- How to complete this task
The records below must be reproduced exactly. Strip out the pictures.

- Input data
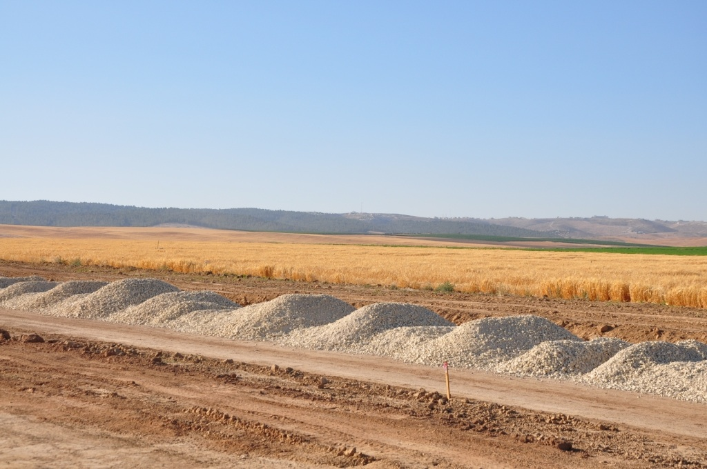 Recent Carmit pic
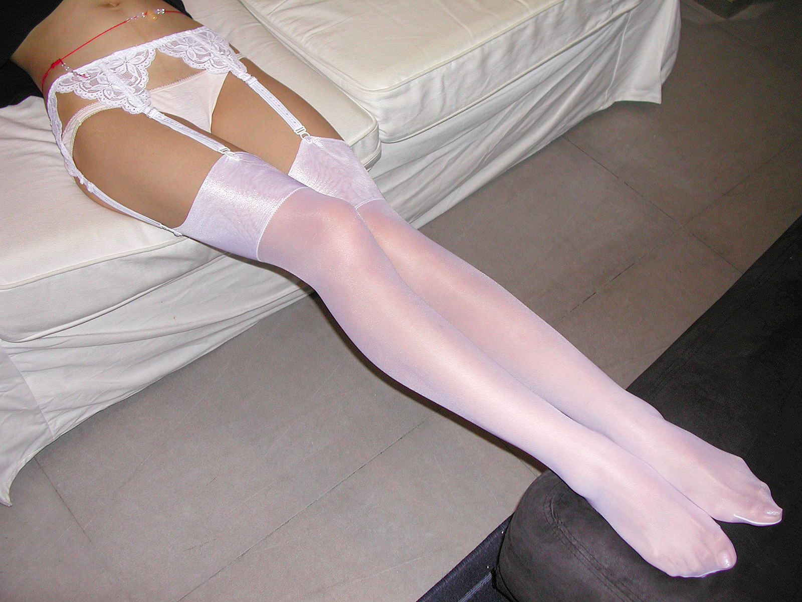 A woman's legs wearing a white garter belt and a pair of stockings.
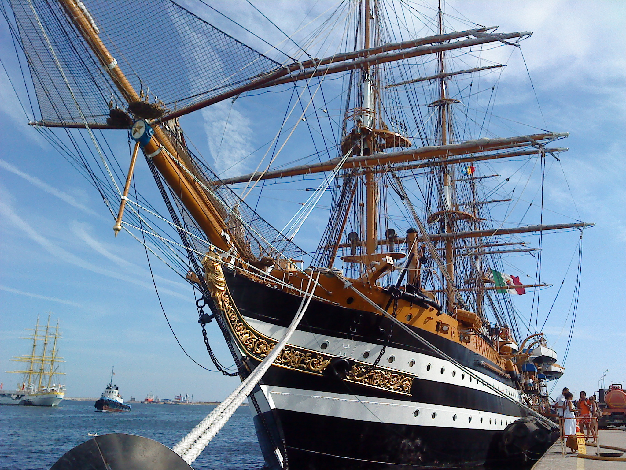 AmerigoVespucci(ITA) and Mircea(RO)in Constanta, RO-2009
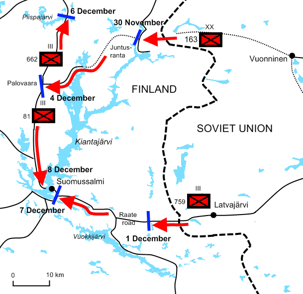 Diagram of the Battle of Suomussalmi from 30 November to 8 December 1939. The Soviet 163rd Division advanced to the town of Suomussalmi.
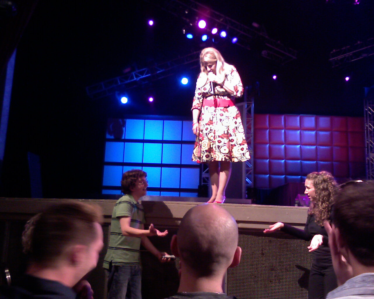 Lisa Lampanelli on stage making fun of an audience member.
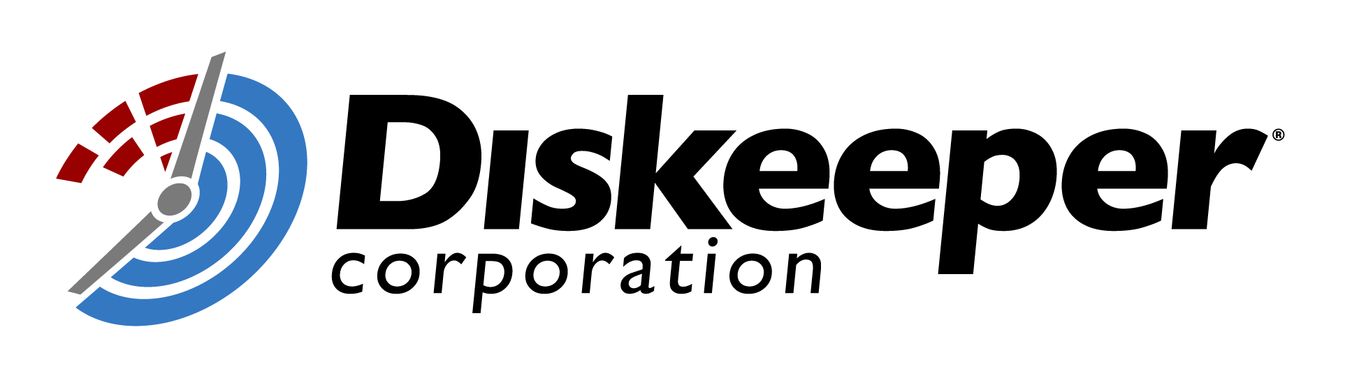 Logo of Diskeeper Corporation, renamed Condusiv Technologies on September 2011. This logo is no longer used.
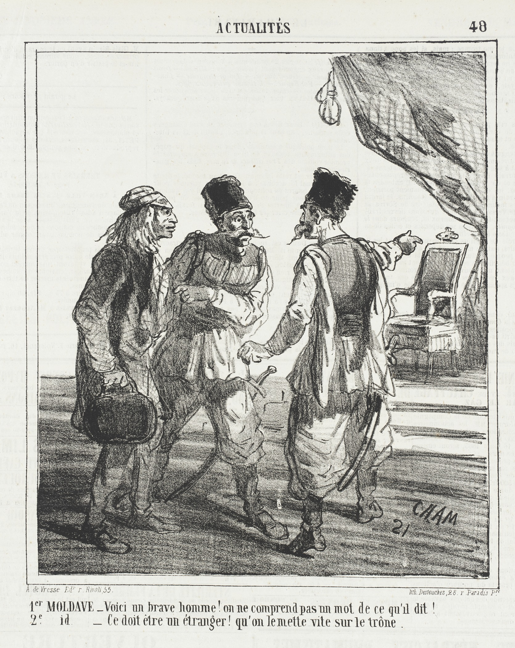 France, 1866 Series: Actualités Periodical: Le Charivari, Friday, 16 March 1866 Prints; lithographs Lithograph Gift of George Longstreet (M.76.132.36) Prints and Drawings
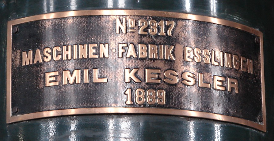 NZASM 14 Tonner no. 1 (0-4-0T)Location: George, Western Cape

- Exercise solution
 Recent Carmit pic
 A woman's legs wearing a white garter belt and a pair of stockings.
 AmerigoVespucci(ITA) and Mircea(RO)in Constanta, RO-2009
 Diagram of the Battle of Suomussalmi from 30 November to 8 December 1939. The Soviet 163rd Division advanced to the town of Suomussalmi.
 Lisa Lampanelli on stage making fun of an audience member.
 Logo of Diskeeper Corporation, renamed Condusiv Technologies on September 2011. This logo is no longer used.
 France, 1866 Series: Actualités Periodical: Le Charivari, Friday, 16 March 1866 Prints; lithographs Lithograph Gift of George Longstreet (M.76.132.36) Prints and Drawings
 NZASM 14 Tonner no. 1 (0-4-0T)Location: George, Western Cape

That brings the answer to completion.